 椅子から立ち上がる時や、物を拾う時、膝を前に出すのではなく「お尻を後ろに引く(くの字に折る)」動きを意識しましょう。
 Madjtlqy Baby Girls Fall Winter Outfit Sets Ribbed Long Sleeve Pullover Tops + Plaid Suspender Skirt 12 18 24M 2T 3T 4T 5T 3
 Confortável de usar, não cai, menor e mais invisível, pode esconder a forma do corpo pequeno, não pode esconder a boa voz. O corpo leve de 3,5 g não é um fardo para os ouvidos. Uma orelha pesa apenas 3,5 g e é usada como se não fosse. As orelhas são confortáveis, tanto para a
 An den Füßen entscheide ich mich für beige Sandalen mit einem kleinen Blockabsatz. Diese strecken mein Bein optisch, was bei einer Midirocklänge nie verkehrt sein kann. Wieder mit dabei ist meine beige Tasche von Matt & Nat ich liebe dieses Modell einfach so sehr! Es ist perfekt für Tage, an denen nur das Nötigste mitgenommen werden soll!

...

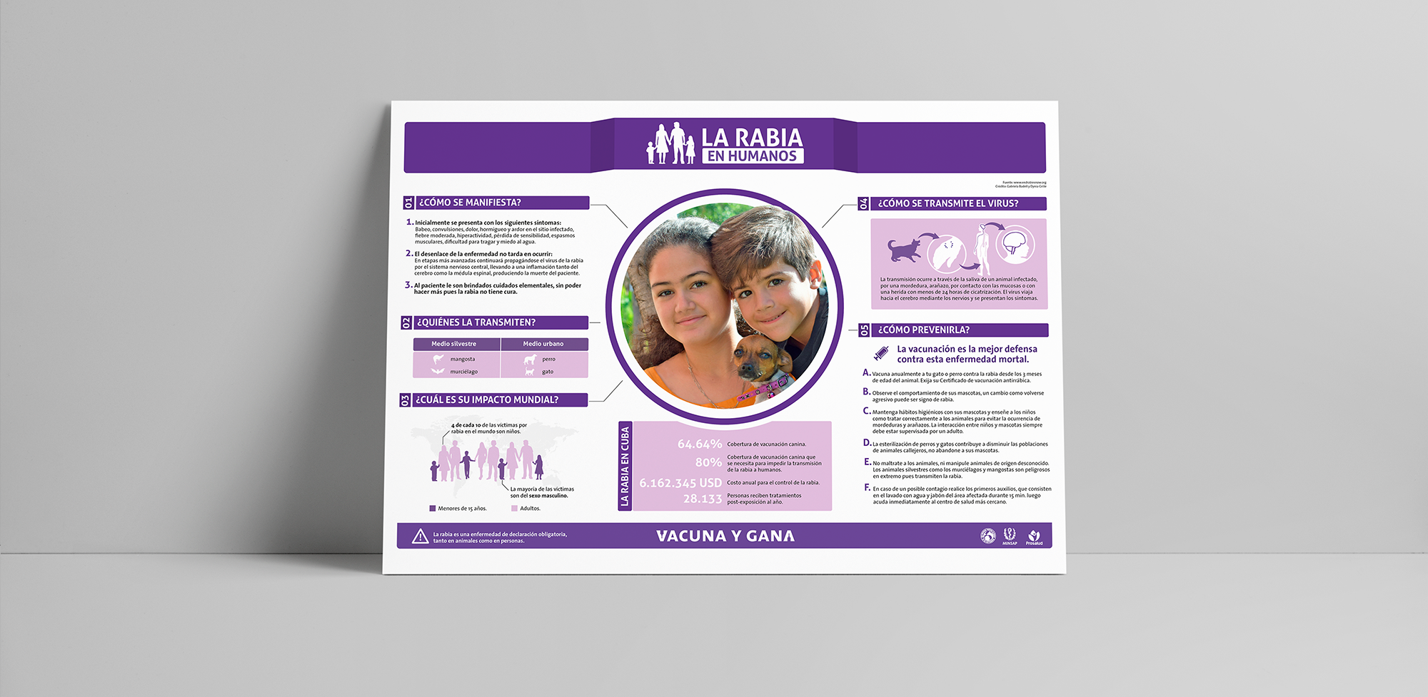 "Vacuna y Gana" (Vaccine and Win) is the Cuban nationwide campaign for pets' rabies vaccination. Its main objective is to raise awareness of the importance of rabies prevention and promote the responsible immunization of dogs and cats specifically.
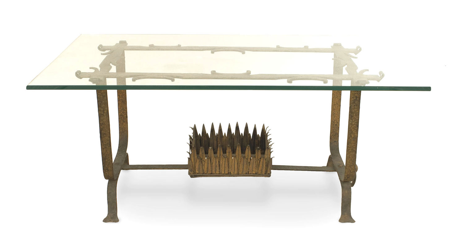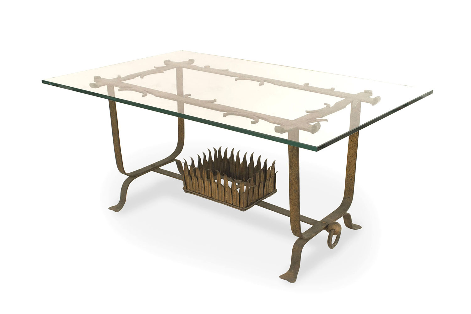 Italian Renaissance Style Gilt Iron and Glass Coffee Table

Task description:
Everything in the material above from the line that has "椅子から立ち上がる時や、物を" through the line that has "An den Füßen" must be duplicated exactly, with no other lines given.

Answer for this exercise:
 椅子から立ち上がる時や、物を拾う時、膝を前に出すのではなく「お尻を後ろに引く(くの字に折る)」動きを意識しましょう。
 Madjtlqy Baby Girls Fall Winter Outfit Sets Ribbed Long Sleeve Pullover Tops + Plaid Suspender Skirt 12 18 24M 2T 3T 4T 5T 3
 Confortável de usar, não cai, menor e mais invisível, pode esconder a forma do corpo pequeno, não pode esconder a boa voz. O corpo leve de 3,5 g não é um fardo para os ouvidos. Uma orelha pesa apenas 3,5 g e é usada como se não fosse. As orelhas são confortáveis, tanto para a
 An den Füßen entscheide ich mich für beige Sandalen mit einem kleinen Blockabsatz. Diese strecken mein Bein optisch, was bei einer Midirocklänge nie verkehrt sein kann. Wieder mit dabei ist meine beige Tasche von Matt & Nat ich liebe dieses Modell einfach so sehr! Es ist perfekt für Tage, an denen nur das Nötigste mitgenommen werden soll!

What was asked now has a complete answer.